When looking up original data stored in AWS, the filename is not a normal format for 10x 3' library fastq. s3://sra-pub-src-10/SRR16093385/OC17-1_BKDL192531646-1a-AK1647_1.fq.gz.1
and
s3://sra-pub-src-9/SRR16093385/OC17-1_BKDL192531646-1a-AK1647_2.fq.gz.1
BTW, the example I provided here is not the only case. I have found this issue in another dataset. It's so strange and confused.
Very clear. Thank you very much. May I ask one more question? If I want to extract UMI and barcode from R1, and keep R2 insert reads in a separate fastq, is there any tool can do this? Is it possible to like "re-create" the R1 and R2 files? I know
UMI_tools
has such function to extract UMI and barcode sequence. But it seems to use the standard 10x R1.fastq as input.Links you provided above are for the original fastq data submitted to NCBI (which is normally under
Data Access
tab inOriginal format
section). In some instances people also submitcellranger
BAM files.
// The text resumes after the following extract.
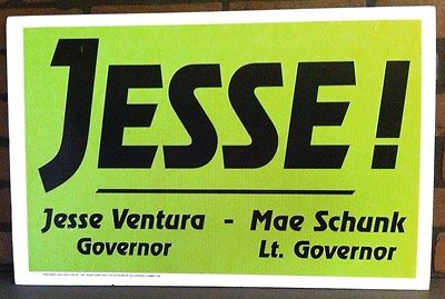 Title (ebay affiliate link): 1998 Jesse "The Body" Ventura For Minnesota Gov. Political Campaign Sign

You can then usebamtofastq
utility provided by 10x to recreate the original fastq files. It is now included incellranger
package.You're correct. In some instances the bam file is an option. Data stored at AWS cloud sometimes can be public accessible. But in many other cases, only _R1.fq and _R2.fq were provided. That was why I was confused. ATpoint has explained why I always get two 150bp reads. But I still don't know if there is any method to recreate those original fastq files. I don't use CellRanger because I'm trying to use these raw data for other special purpose instead of quantifying gene expression. I've read CellRanger manual. It seems that CellRanger does not mention any function to split these reads into I1 R1 and R2 from such data format archived by SRA.
Would you mind enlighten me if there is any tool can achieve this task? Thank you.
Files you linked to are the original reads for one sample. I1 files, if they exist, are simply illumina index sequences. Sequence in that file is identical for every read in one sample.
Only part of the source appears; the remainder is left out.